─── The data ───

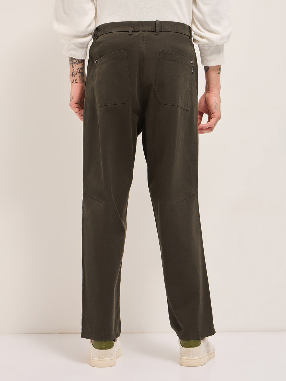 Olive Solid Baggy Fit Casual Trouser with Centre line Detail
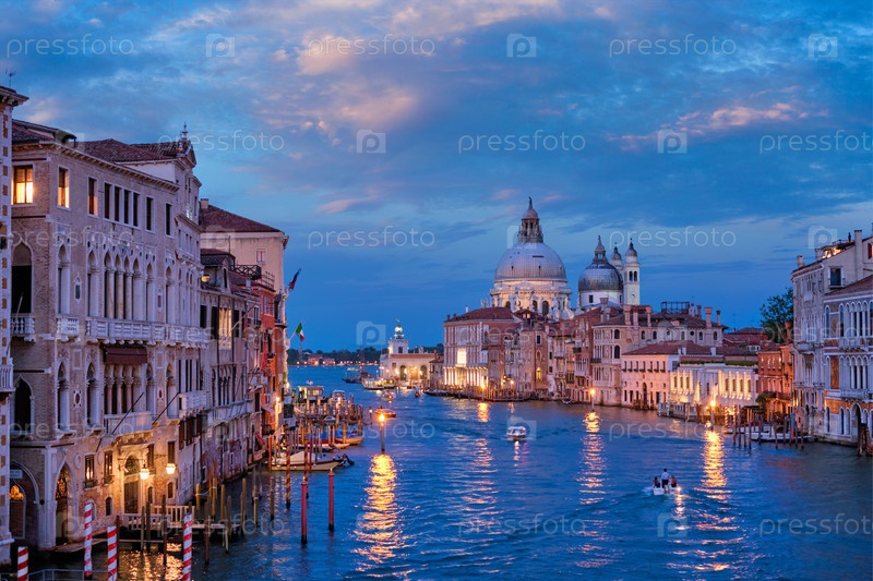 Вид на Большой канал Венеции и церковь Санта-Мария делла Салуте в вечернее время
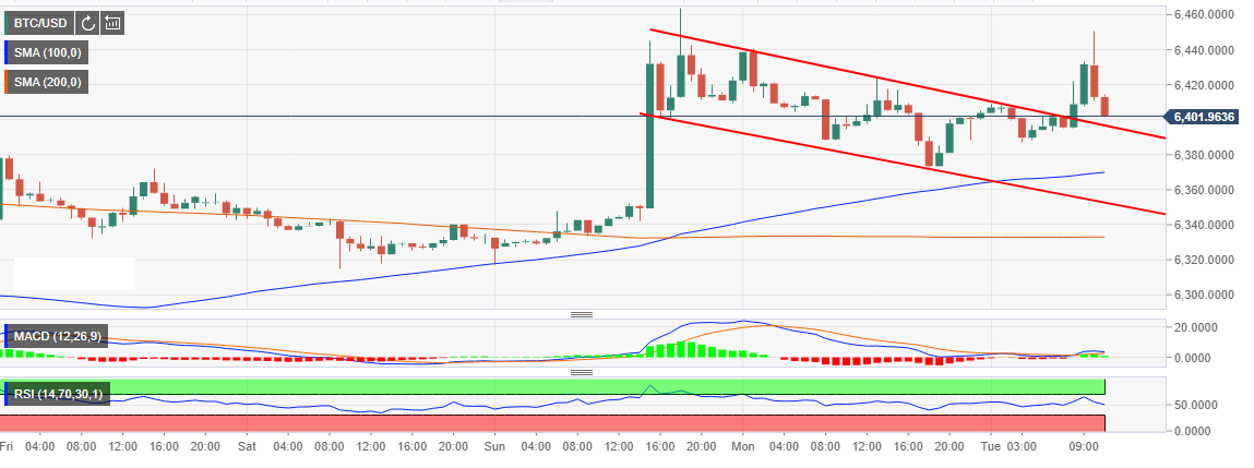 - Bitcoin has established a support at $6,380 while defending the short-term support at $6,400.
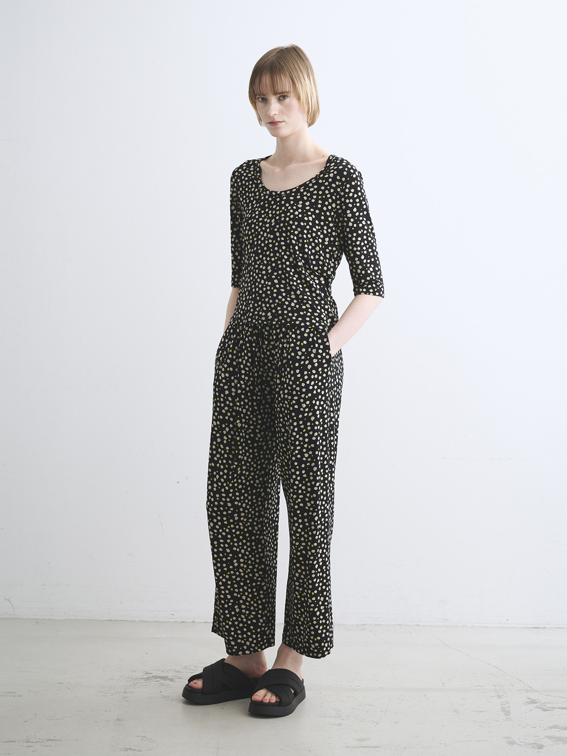 ストレスフリーな着心地、プリント、無地との組み合わせでできる自在なスタイリング。アイテムを絞りたい旅行時の、あらゆるわがままを叶えるシリーズです。
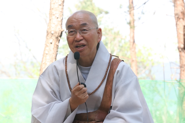 염불사지에서 전체 대중이 간절하게 발원하는 시간을 가졌습니다. 발원의 시간 후, 스님은 다시 한 번 행사준비를 위해 애쓰신 대중들을 소개하여 감사의 마음을 전했습니다.
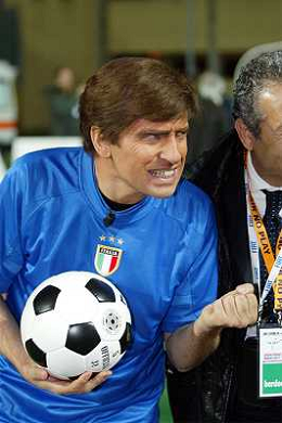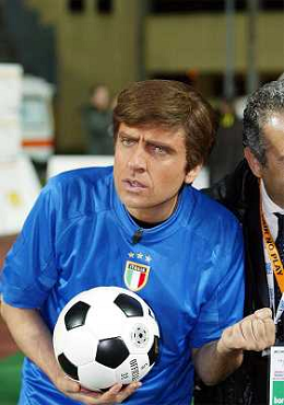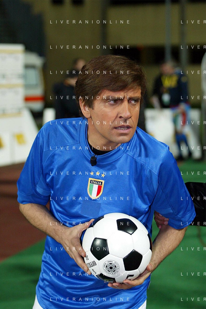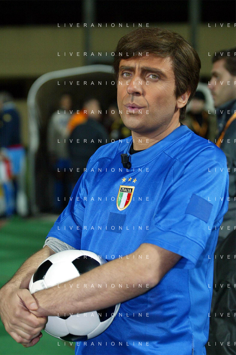 PADOVA 14/11/2005 'NO FAIR - NO PLAY' PARTITA DI BENEFICENZA TRA NAZIONALE CALCIO TV E SELEZIONE ALLENATORI DI CALCIO NELLA FOTO: DARIO BALLANTINI (IMITA GIANNI MORANDI) FOTO PAOLA GARBUIO/AGENZIA ALDO LIVERANI
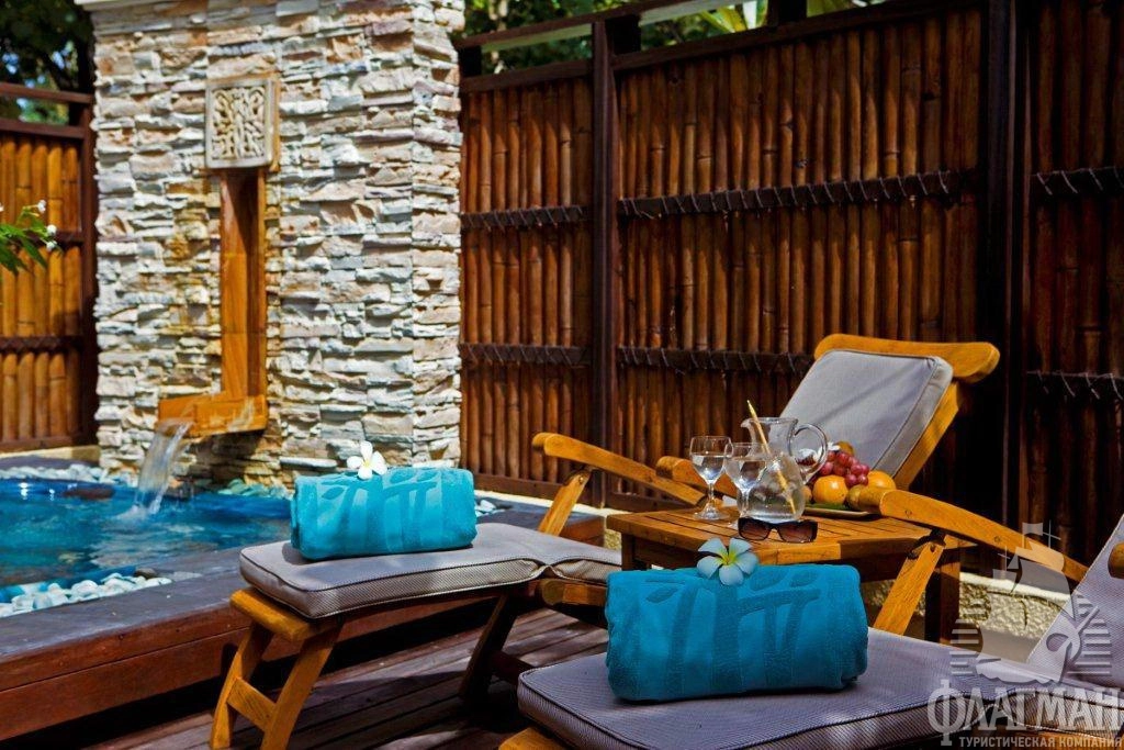 2 Vabbinfaru Pool Villa (220 м², макс. 3 или 2+1 чел.). Виллы имеют раздельные спальню и гостиную, приватный большой сад с видом на океан, бассейн с уголком джакузи.
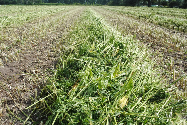 Het gemaaide gewas wordt voor twee tot drie weken op zwad gelegd, voor het optimale rottingproces.
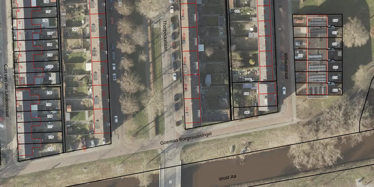 Het perceel waarop Thorbeckelaan 10 staat heeft een oppervlakte van 4025 m². Dit is een zeer groot perceel. De perceeloppervlakte wordt geregistreerd door het Kadaster. Gedetailleerde informatie over de maten van dit perceel kunt u vinden in het rapport Kadastrale kaart met maatvoering van Thorbeckelaan 10.
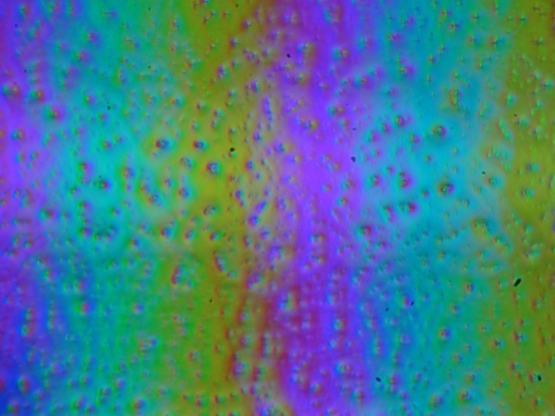 Зерно этих дефектов в несколько раз меньше размеров субпикселей, поэтому фокусировка на микродефектах и «перескок» фокуса по субпикселям при изменении угла зрения выражены слабо, из-за этого нет и «кристаллического» эффекта.
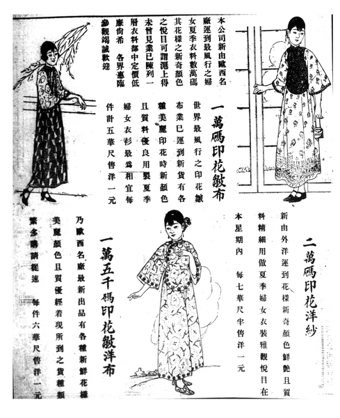 Keywords : Shenbao; 1926; female; advertisement; printed cloth.
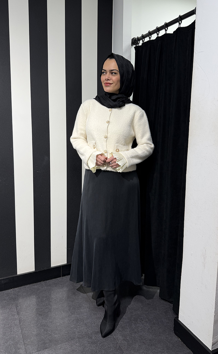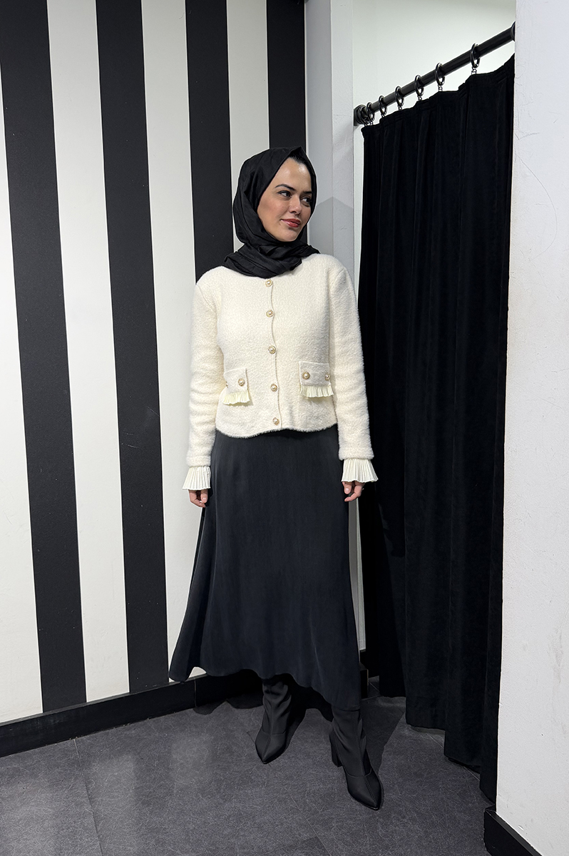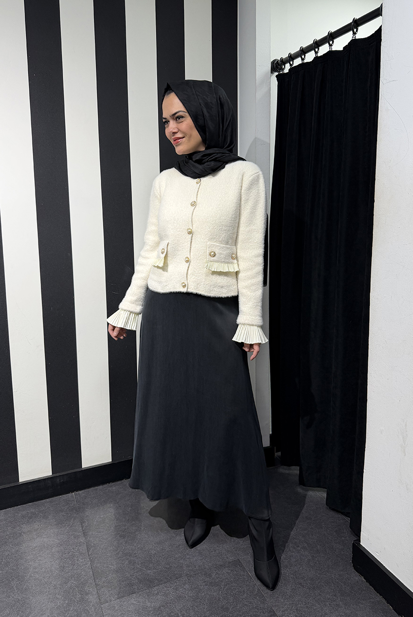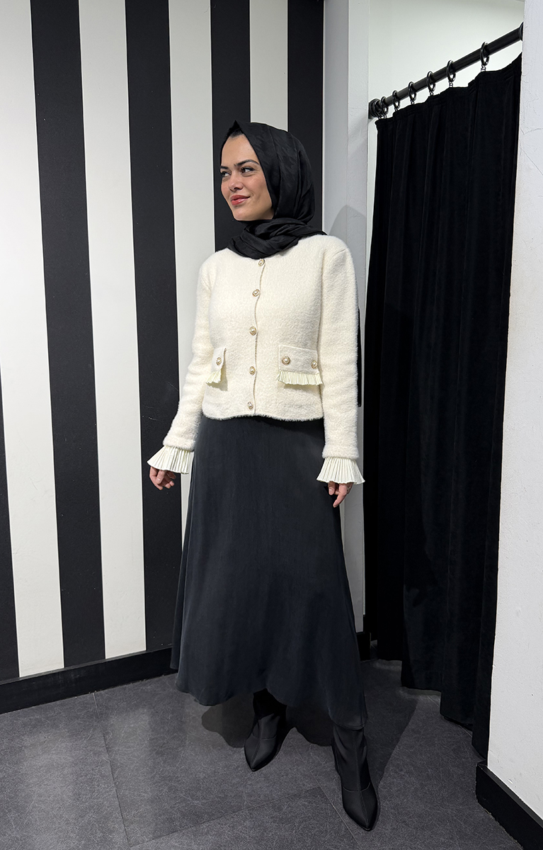 Noi Triko Angora Kol Ve Cepleri Pliseli Kısa Hırka KREM
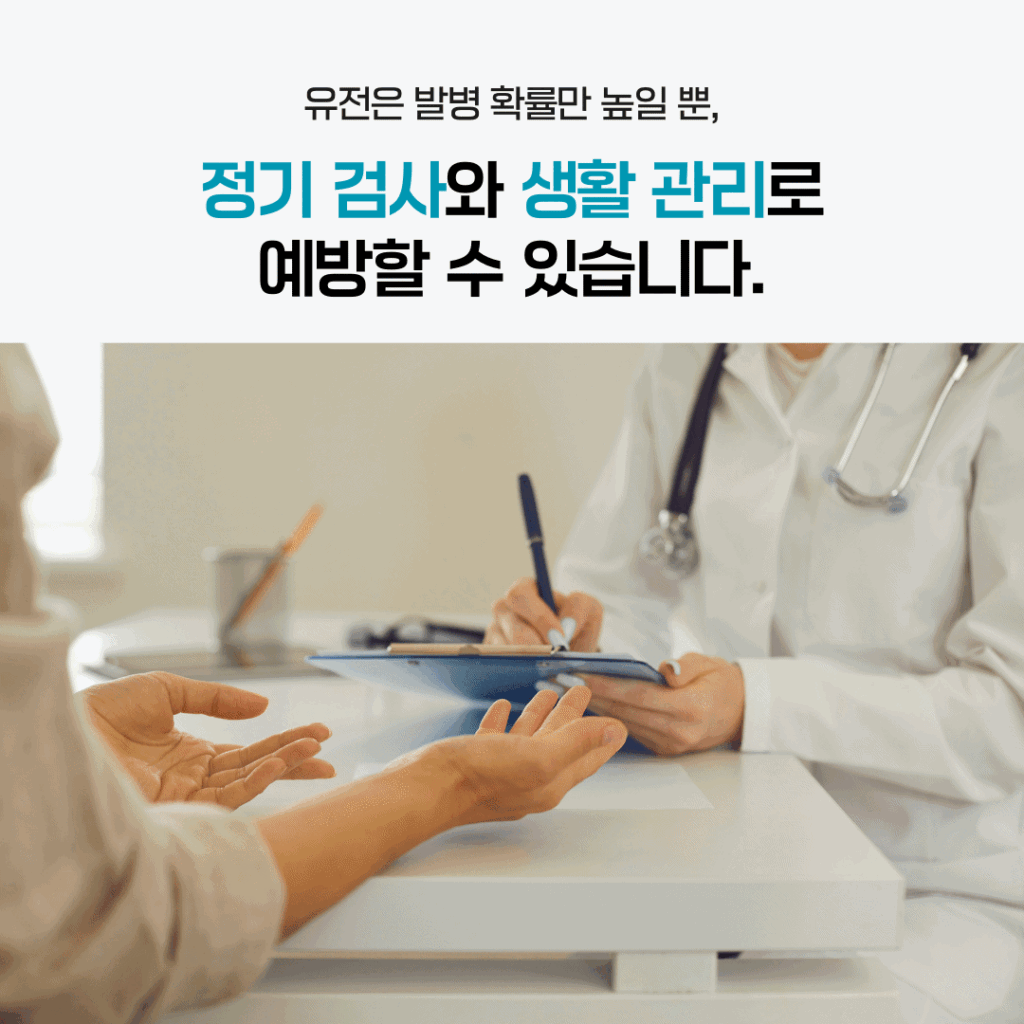 그러니 가족력이 있다고 너무 겁먹지 않으셔도 됩니다. 오히려 이를 미리 아는 것은 예방과 조기 발견의 기회가 될 수 있습니다. 정기적으로 건강 상태를 체크하고 위험 요인을 피하며 생활한다면 발병을 늦추거나 예방할 가능성도 충분히 있습니다.

───

# Task details
Repeat only the lines from the one holding "Вид на Большой" through the last line of the data, inclusive. Keep the pictures out.

# Task result
 Вид на Большой канал Венеции и церковь Санта-Мария делла Салуте в вечернее время
 - Bitcoin has established a support at $6,380 while defending the short-term support at $6,400.
 ストレスフリーな着心地、プリント、無地との組み合わせでできる自在なスタイリング。アイテムを絞りたい旅行時の、あらゆるわがままを叶えるシリーズです。
 염불사지에서 전체 대중이 간절하게 발원하는 시간을 가졌습니다. 발원의 시간 후, 스님은 다시 한 번 행사준비를 위해 애쓰신 대중들을 소개하여 감사의 마음을 전했습니다.
 PADOVA 14/11/2005 'NO FAIR - NO PLAY' PARTITA DI BENEFICENZA TRA NAZIONALE CALCIO TV E SELEZIONE ALLENATORI DI CALCIO NELLA FOTO: DARIO BALLANTINI (IMITA GIANNI MORANDI) FOTO PAOLA GARBUIO/AGENZIA ALDO LIVERANI
 2 Vabbinfaru Pool Villa (220 м², макс. 3 или 2+1 чел.). Виллы имеют раздельные спальню и гостиную, приватный большой сад с видом на океан, бассейн с уголком джакузи.
 Het gemaaide gewas wordt voor twee tot drie weken op zwad gelegd, voor het optimale rottingproces.
 Het perceel waarop Thorbeckelaan 10 staat heeft een oppervlakte van 4025 m². Dit is een zeer groot perceel. De perceeloppervlakte wordt geregistreerd door het Kadaster. Gedetailleerde informatie over de maten van dit perceel kunt u vinden in het rapport Kadastrale kaart met maatvoering van Thorbeckelaan 10.
 Зерно этих дефектов в несколько раз меньше размеров субпикселей, поэтому фокусировка на микродефектах и «перескок» фокуса по субпикселям при изменении угла зрения выражены слабо, из-за этого нет и «кристаллического» эффекта.
 Keywords : Shenbao; 1926; female; advertisement; printed cloth.
 Noi Triko Angora Kol Ve Cepleri Pliseli Kısa Hırka KREM
 그러니 가족력이 있다고 너무 겁먹지 않으셔도 됩니다. 오히려 이를 미리 아는 것은 예방과 조기 발견의 기회가 될 수 있습니다. 정기적으로 건강 상태를 체크하고 위험 요인을 피하며 생활한다면 발병을 늦추거나 예방할 가능성도 충분히 있습니다.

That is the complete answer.